それを両手で掴み、パッと空に浮かべる。泥も混じっているものだから、菜々の服や顔はすぐに汚れてしまった。
だけれど、キラキラと舞う桜吹雪はまるで菜々自身の輝きのように、美しく見えた。
「そうだね……とってもきれい」
私は呆けたまま呟いた。
すると菜々は、黒くなった手をワンピースの端に擦り付けながら振り向いた。
「きっと神さまが、いつもがんばってるママのためにご褒美をくれたんだね」
その言葉に、驚いた。
がんばってるって。……私が?
咄嗟に否定しそうになる。
でも、見返した菜々の顔はやはりキラキラとした笑顔で、その口から嘘が吐き出されるようには思えなかった。
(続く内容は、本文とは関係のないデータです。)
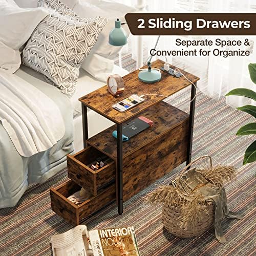 We recently got a king size bed and needed to downsize our bedside table.This one is great!It's nice and skinny, but offers 2 drawers, as well as 2 flat surfaces to store your stuff.The outlet part is so wonderful and convenient.Well made, sturdy, and doesn't look cheap.Easy to assemble.I did it on my own and I am by no means "handy".

そして何よりも、菜々の言葉を無下にすることはできない。
「……そうかな」
私もベンチから降り花びらを手に取った。それは泥にまみれてはいたが、紛れもなく桜だった。菜々は楽しそうにまたその欠片を集め始める。
満開の桜を見せてあげられない。
ろくに本も買ってあげられない。
私は菜々の、この先の豊かな可能性を奪っているのかもしれない。
でも、そうかな。
そうかな、と、少しだけ思う。
「そうだよ」
菜々が笑う。その泥だらけの手に、私は触れた。
何もできないけれど。
その分、私は手を繋ごう。
お金もない。時間もない。してあげられることは少ないけれど、その変わり菜々とたくさん手を繋ごう。
夏と、秋と、冬の花は私が教えてあげる。私は図鑑みたいに物知りじゃないし、見せてあげられるのは決して満開の花ではないかもしれないけれど。
特別なものじゃなくてもいい。菜々にあげられる感情は、きっとそこら中に転がっているはずだ。
今できる限りの幸せを。
大切なあなたへ。
私は菜々を見つめながら、彼女の無限に広がる未来を思い描いていた。